Parallel loop performance

We’ve received several questions on the MSDN Forums for Parallel Extensions about the performance of the Parallel class, and specifically of the loop constructs we provided in the CTP. We’re very much aware that the performance of Parallel.For/ForEach in the CTP is not optimal, and that for some situations, the overhead for these constructs will be too much for a variety of situations. That’s ok: we released the preview of the Task Parallel Library in the December CTP to solicit early feedback on the APIs we’re providing (e.g. Are they useful? What’s missing? etc.), and to do so and to get the preview out early, we did so at the expense of performance and reliability (it is a technology preview, after all). We’ll be spending a whole lot of time getting the performance of these loops to be stellar; for now, please let us know whether the APIs are right so that we can adjust if they’re not. And if you have interesting situations where the performance isn’t great, we’d love to know about that, too, so that we factor that in when determining the best implementations to ship.

That said, there will always be some cases that we won’t handle perfectly, due simply to the sheer number of variations and use cases that exist. And for those situations, we provide the lower-level Task construct with its replication capabilities to allow you to write custom loops that are best suited to your specific needs (as an example, we previously posted about how to write a parallel while loop).

Consider another situation: you want a for loop, but the body of the for loop contains so little work that even the cost of a delegate invocation (to execute the body) is too much. For example, consider this implementation of a very simple ParallelFor loop:

static void ParallelFor(
    int fromInclusive, int toExclusive, Action<int> body)
{
    int index = fromInclusive;
    Task.Create(delegate
    {
        int i;
        while ((i = Interlocked.Increment(
            ref index) – 1) < toExclusive)
        {
            body(i);
        }
    },
    TaskCreationOptions.SelfReplicating).Wait();
}

For loop bodies with a significant amount of work, this implementation isn’t all that bad. But for small bodies, there is a fairly large overhead here per iteration, in that each iteration incurs both an interlocked operation (to advance the index variable) and a delegate invocation (to run the body). Following this same approach, I could cut down on the number of interlocked operations by incrementing each time by an amount larger than 1:

static void ParallelFor(
    int fromInclusive, int toExclusive, Action<int> body)
{
    const int STRIDE = 8;
    int index = fromInclusive;
    Task.Create(delegate
    {
        int i;
        while ((i = Interlocked.Add(
            ref index, STRIDE) – STRIDE) < toExclusive)
        {
            int endExclusive =
                Math.Min(i + STRIDE, toExclusive);
            for(; i<endExclusive; i++)
            {
                body(i);
            }
        }
    },
    TaskCreationOptions.SelfReplicating).Wait();
}

In spirit, this is actually very similar to the implementation of Parallel.For in the CTP (which, based on my previous comments about CTP performance, should hint at the performance quality of this example ;). Each CPU grabs 8 elements using an interlocked addition. This decreases the number of interlocked operations per iteration from 1 to approximately 1/8, but it does so at the expense of load balancing. And still, for each iteration we have the cost of a delegate invocation in order to execute the body of the loop as provided by the caller. In fact, no matter what we do here, with this overall design of ParallelFor, we won’t be able to avoid that delegate invocation, which could be prohibitive for certain problems with very, very small bodies.

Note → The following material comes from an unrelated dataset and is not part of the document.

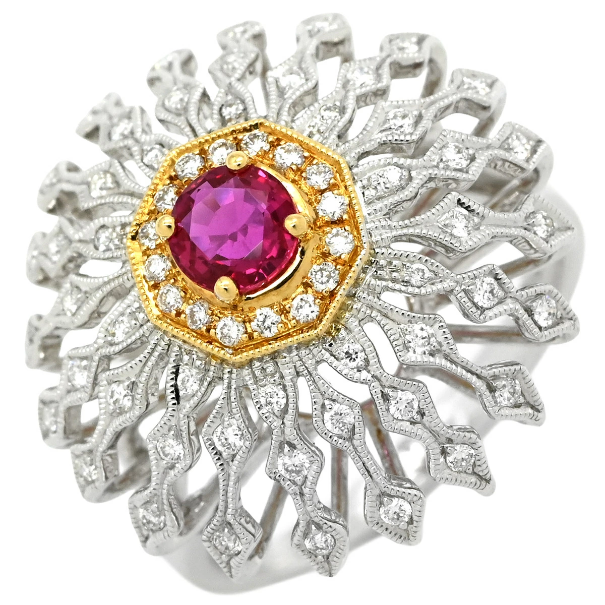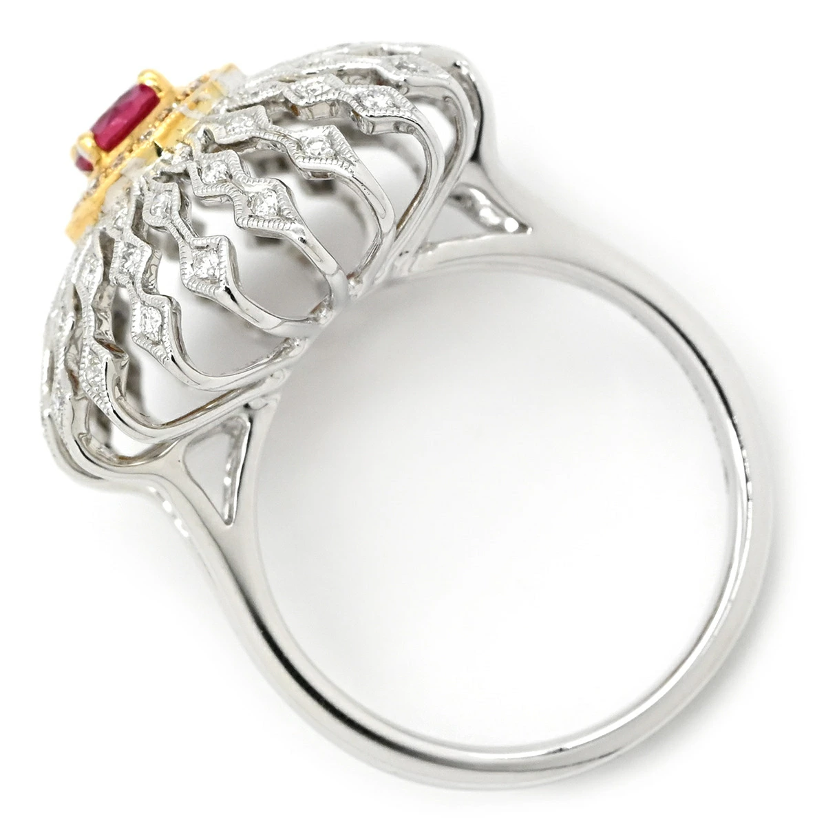 【 カール・ブラックバーン CARL BLACKBURN リング 指輪 ダイヤ ルビー K18WG/ダイヤモンド 0.45ct/ルビー 0.32ct ホワイトゴールド×レッドホワイトゴールド Au750 18K ドーム型 フラワーモチーフ 透かし彫り - 13号 レディース【箱】 定番 人気 美品 【中古】】
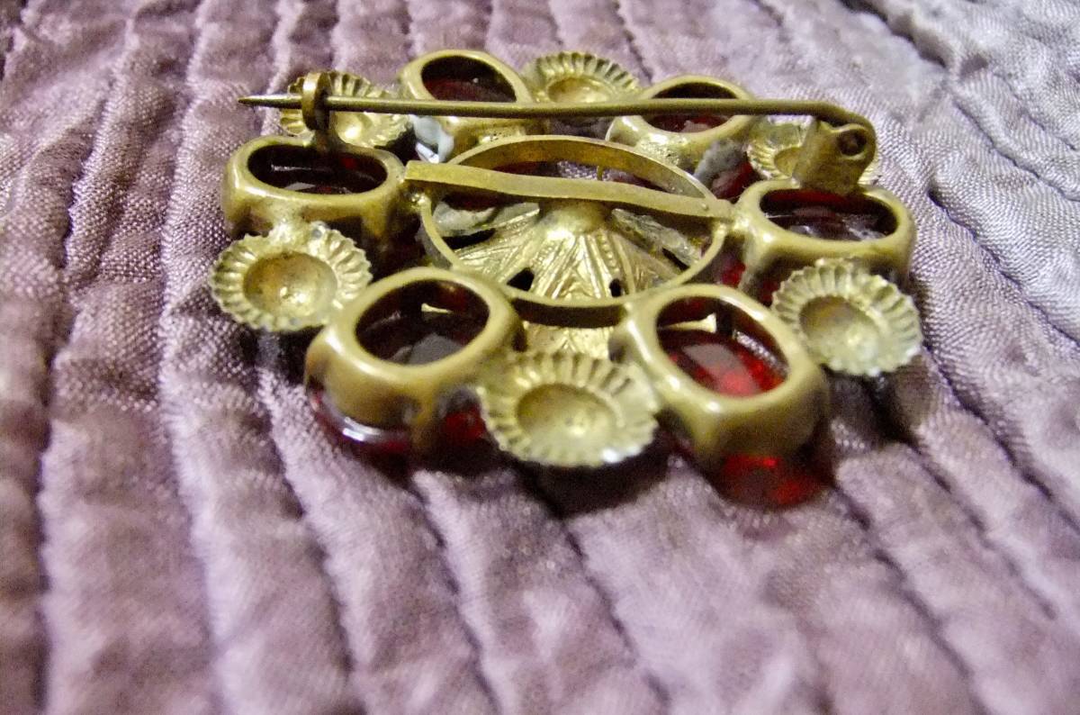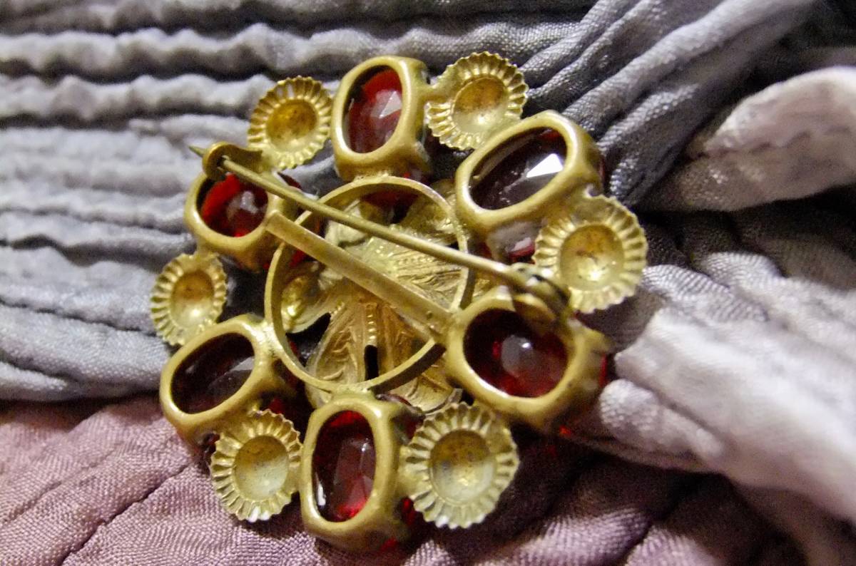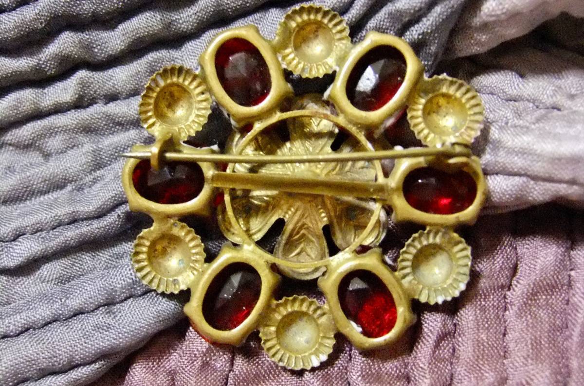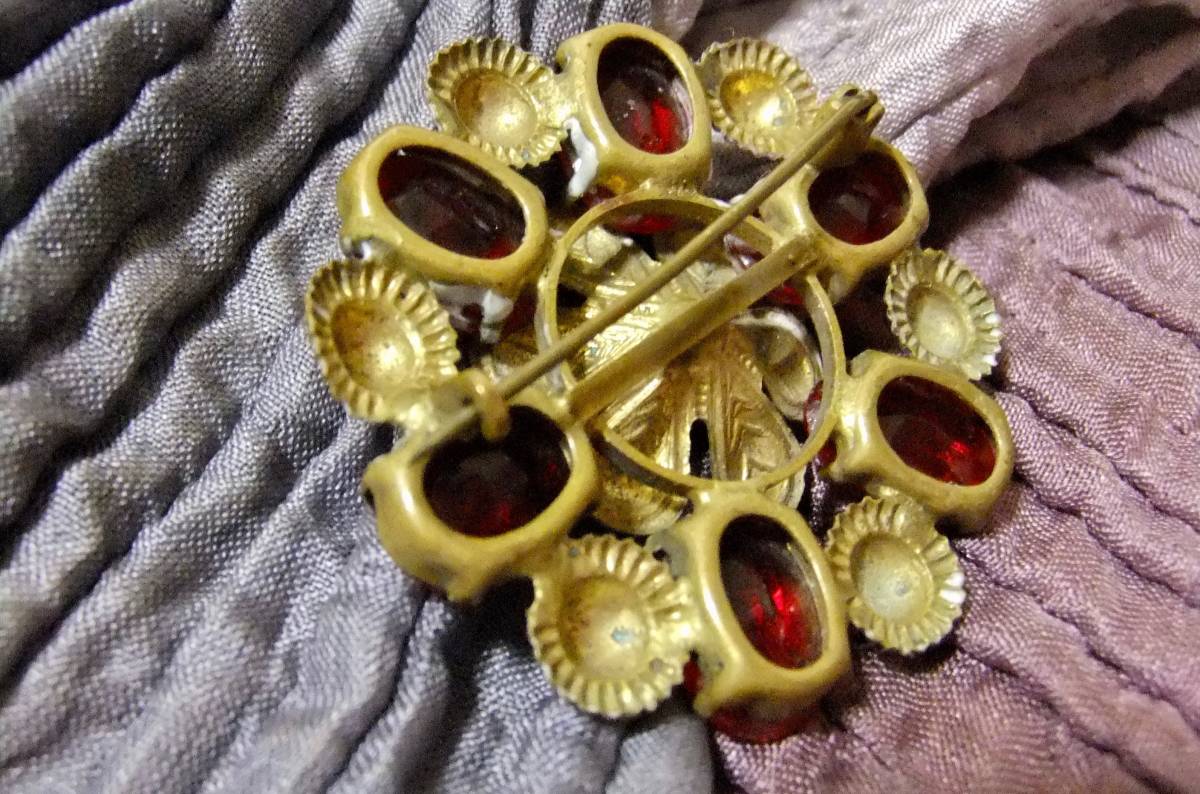 イギリスで購入したフラワーモチーフ、レッドカラーストーンのブローチ。

To fix that, we could go with a different design:

static void ParallelForRange(
int fromInclusive, int toExclusive,
Action<int, int> body);

The idea here is that rather than providing a loop body that accepts the current iteration, the loop body accepts two integers, one representing the start of a range and the other representing the end (just as with fromInclusive and toExclusive, but on a smaller scale):

static void ParallelForRange(
    int fromInclusive, int toExclusive,
    Action<int, int> body)
{
    const int STRIDE = 8;
    int index = fromInclusive;
    Task.Create(delegate
    {
        int i;
        while ((i = Interlocked.Add(
            ref index, STRIDE) – STRIDE) < toExclusive)
        {
            body(i, Math.Min(i + STRIDE, toExclusive));
       }
    },
    TaskCreationOptions.SelfReplicating).Wait();
}

To use this, rather than doing the following as you would with the ParallelFor method:

ParallelFor(0, N, i =>
{
// original loop body here
});

you could do the following:

ParallelForRange(0, N, (fromInclusive, toExclusive) =>
{
    for (int i = fromInclusive; i < toExclusive; i++)
    {
        // original loop body here
    }
});

Just as with the previous ParallelFor implementation, where we used a stride to decrease the number of interlocked operations, here in ParallelForRange we’ve used that same stride to decrease the number of delegate invocations, at the expense of forcing the user to implement their own loop inside of the parallel loop.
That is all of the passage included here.